## [WORK ORDER]
Return, without pictures, the lines from the start of the data through the one that contains "CHANEL 25S SLIPPERS".

## [MATERIAL PROVIDED]
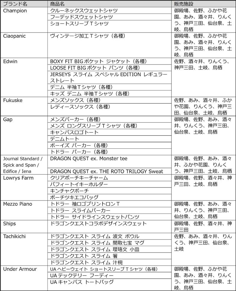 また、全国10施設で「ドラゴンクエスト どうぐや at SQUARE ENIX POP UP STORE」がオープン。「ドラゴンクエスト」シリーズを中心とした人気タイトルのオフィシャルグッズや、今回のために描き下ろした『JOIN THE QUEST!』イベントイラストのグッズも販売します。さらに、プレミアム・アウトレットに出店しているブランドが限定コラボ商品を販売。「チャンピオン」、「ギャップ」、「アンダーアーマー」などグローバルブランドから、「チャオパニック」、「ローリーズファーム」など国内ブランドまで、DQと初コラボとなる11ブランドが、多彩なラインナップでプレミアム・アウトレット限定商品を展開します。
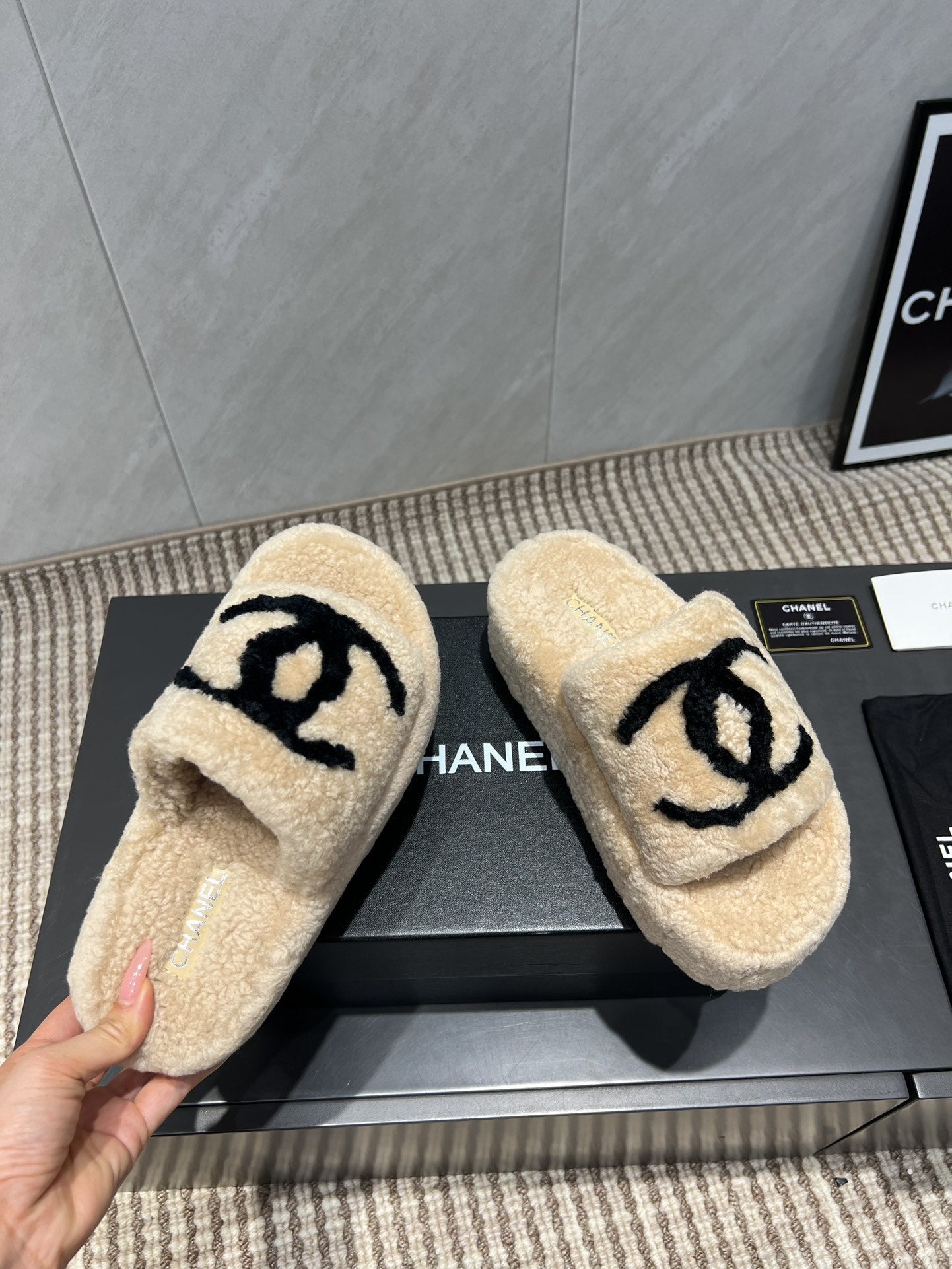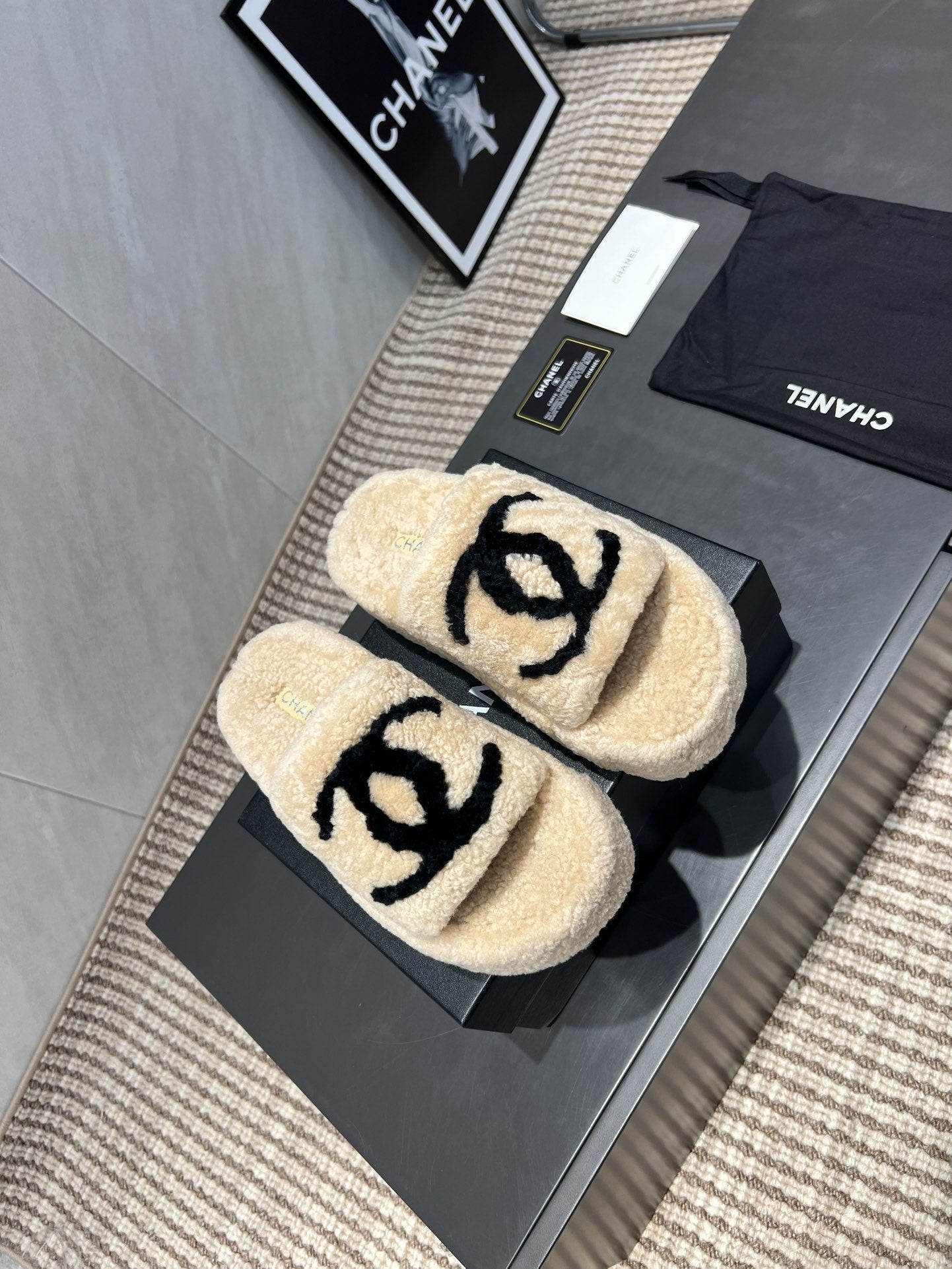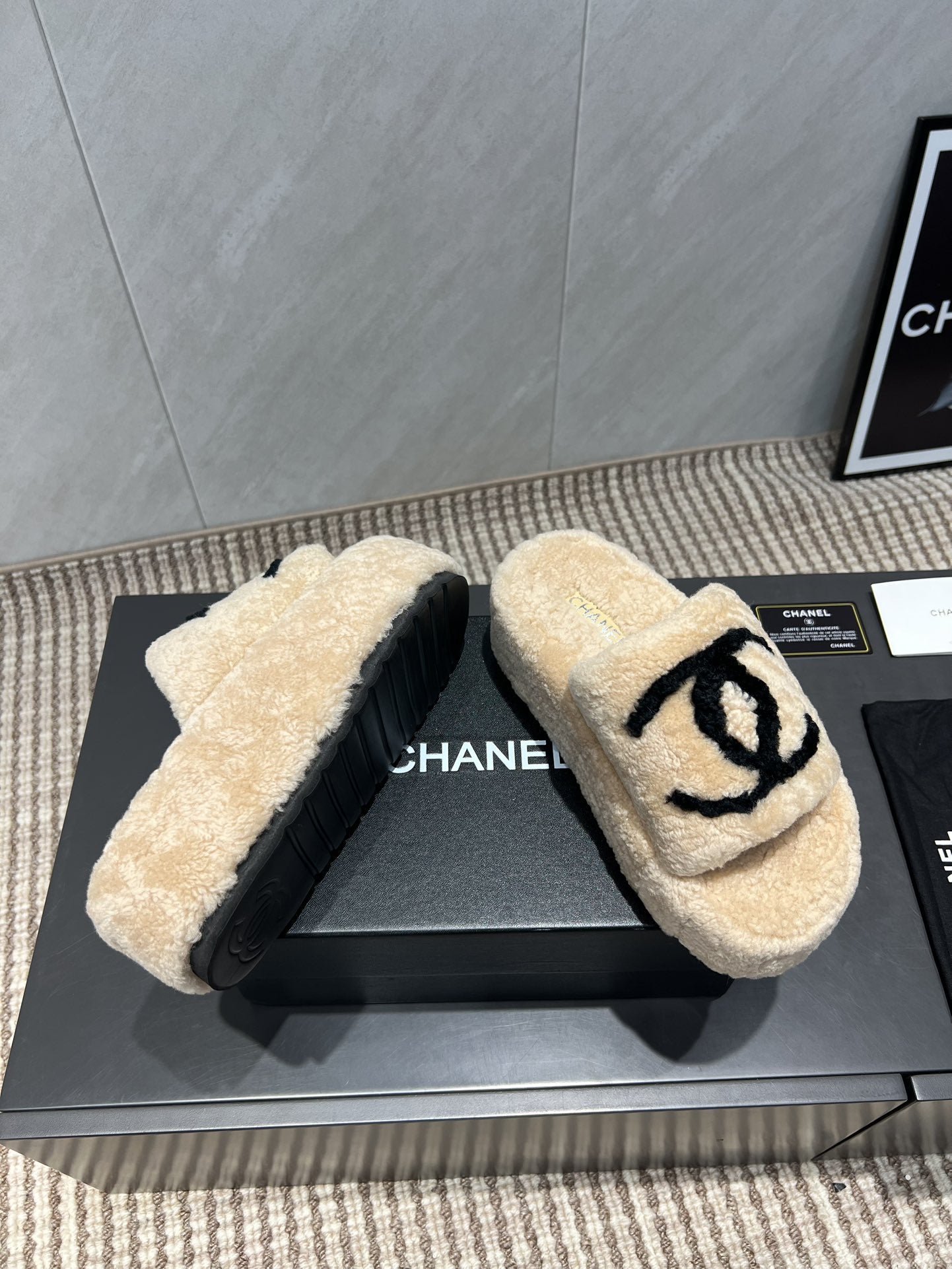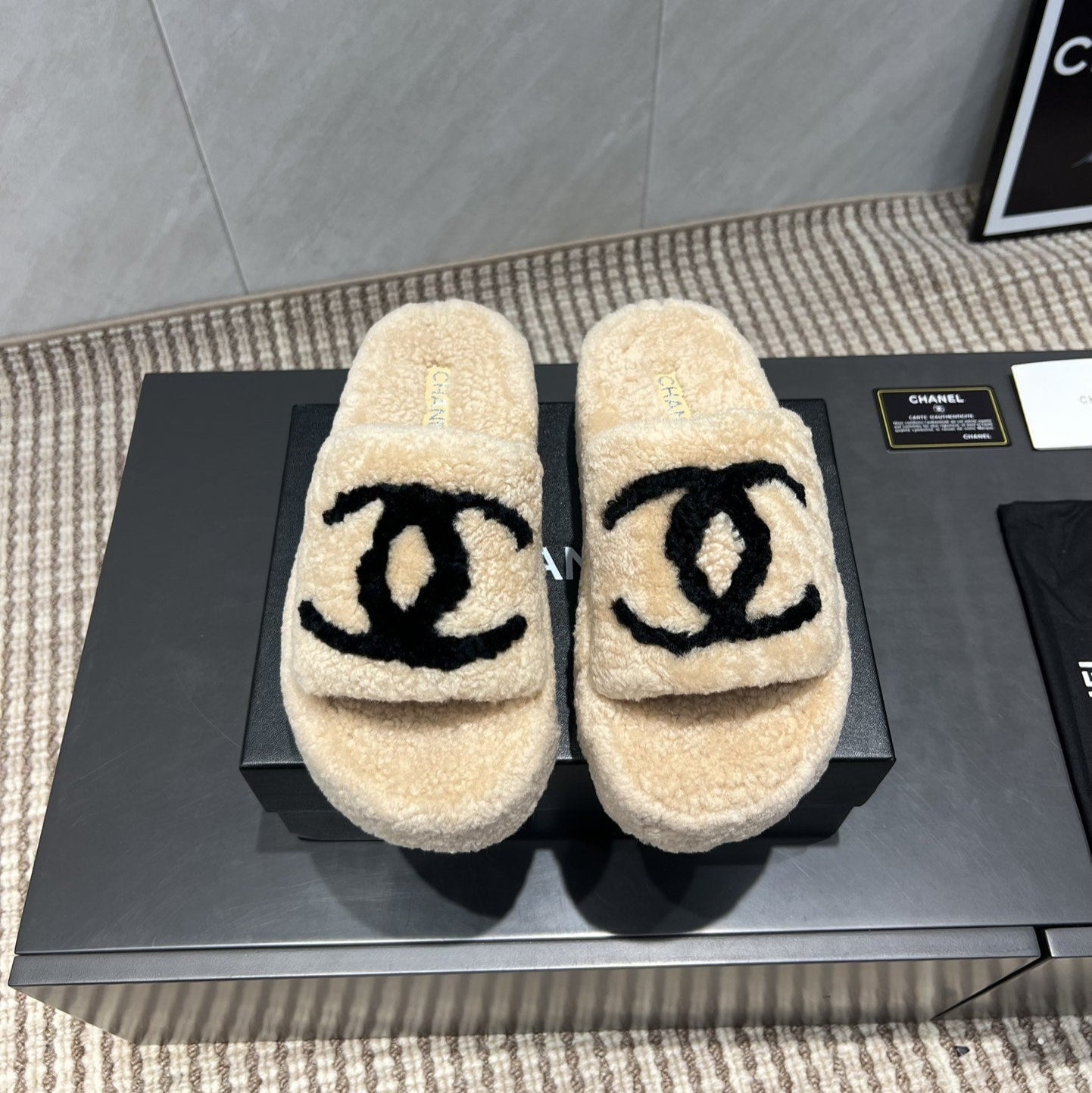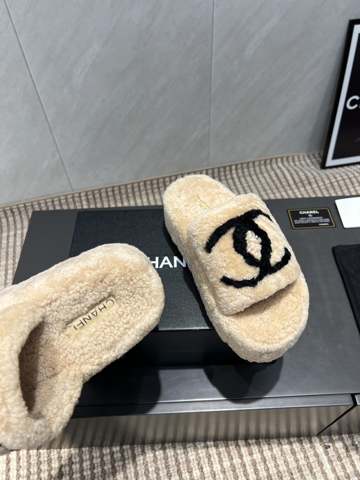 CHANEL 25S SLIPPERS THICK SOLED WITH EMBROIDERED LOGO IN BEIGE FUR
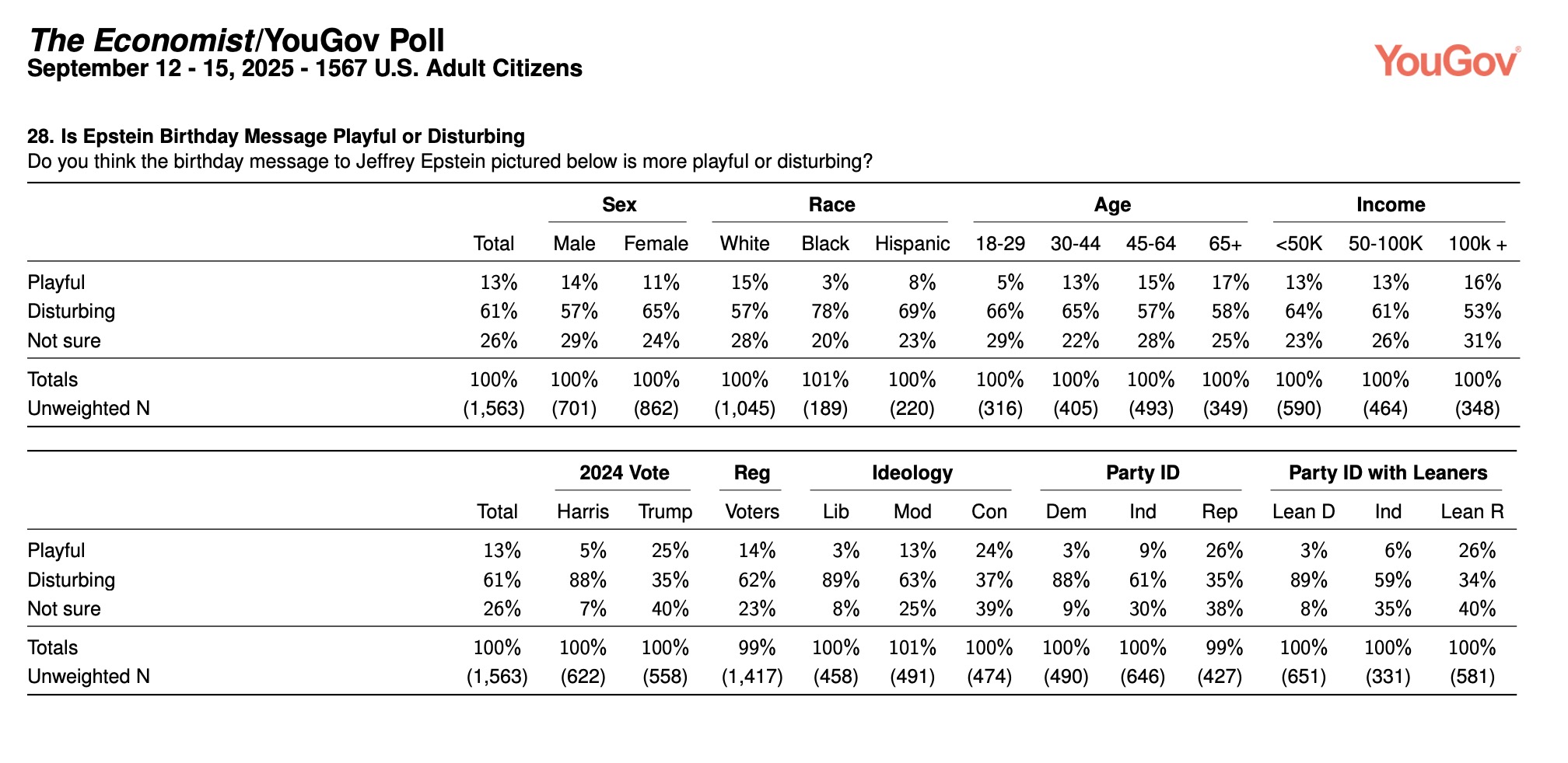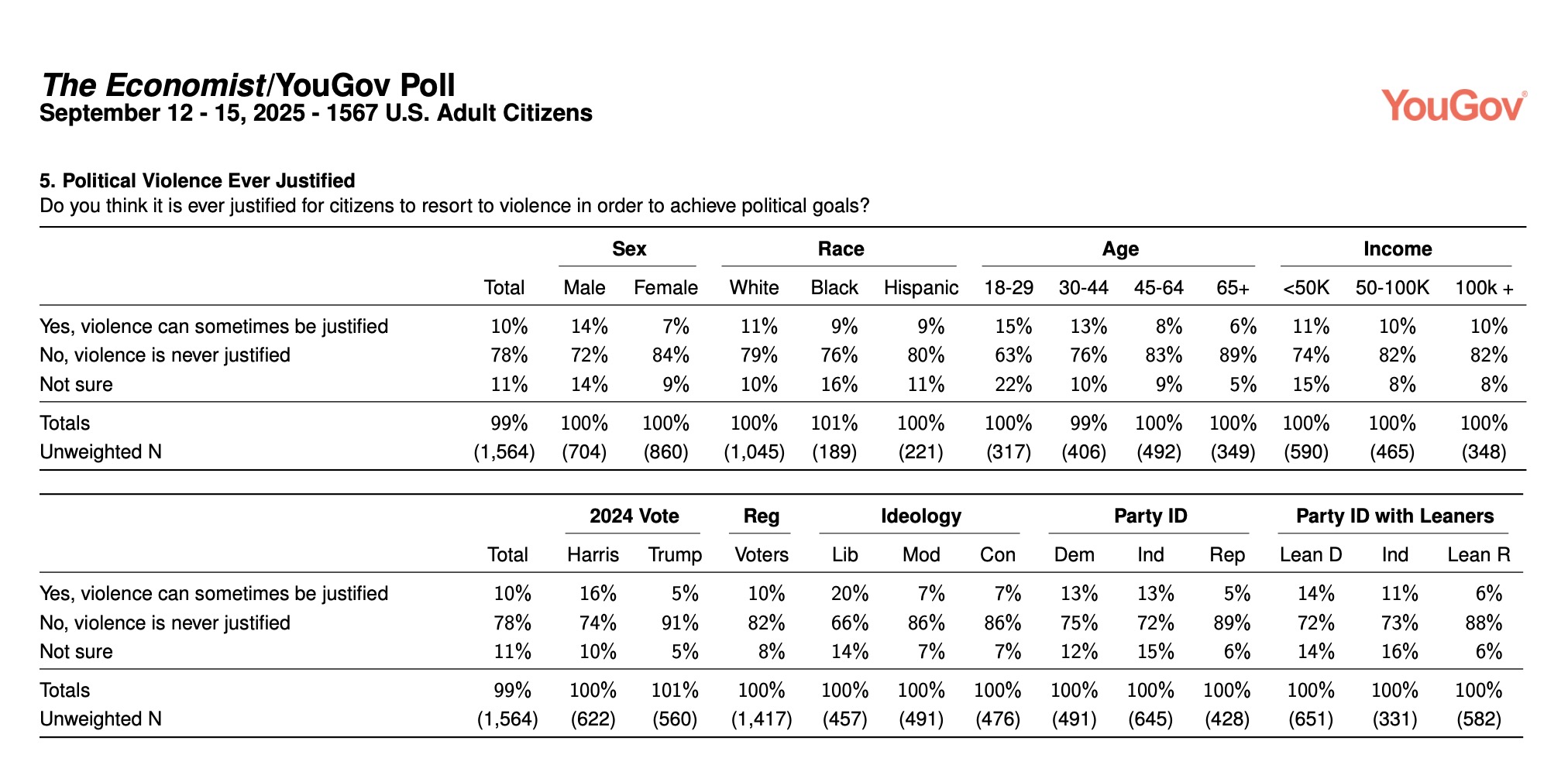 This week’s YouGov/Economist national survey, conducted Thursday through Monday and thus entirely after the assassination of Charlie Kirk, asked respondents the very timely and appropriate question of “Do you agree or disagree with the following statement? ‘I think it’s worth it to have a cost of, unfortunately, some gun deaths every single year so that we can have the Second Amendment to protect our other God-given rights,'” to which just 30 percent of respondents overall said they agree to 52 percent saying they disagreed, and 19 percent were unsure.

## [RESPONSE TO THE TASK]
 また、全国10施設で「ドラゴンクエスト どうぐや at SQUARE ENIX POP UP STORE」がオープン。「ドラゴンクエスト」シリーズを中心とした人気タイトルのオフィシャルグッズや、今回のために描き下ろした『JOIN THE QUEST!』イベントイラストのグッズも販売します。さらに、プレミアム・アウトレットに出店しているブランドが限定コラボ商品を販売。「チャンピオン」、「ギャップ」、「アンダーアーマー」などグローバルブランドから、「チャオパニック」、「ローリーズファーム」など国内ブランドまで、DQと初コラボとなる11ブランドが、多彩なラインナップでプレミアム・アウトレット限定商品を展開します。
 CHANEL 25S SLIPPERS THICK SOLED WITH EMBROIDERED LOGO IN BEIGE FUR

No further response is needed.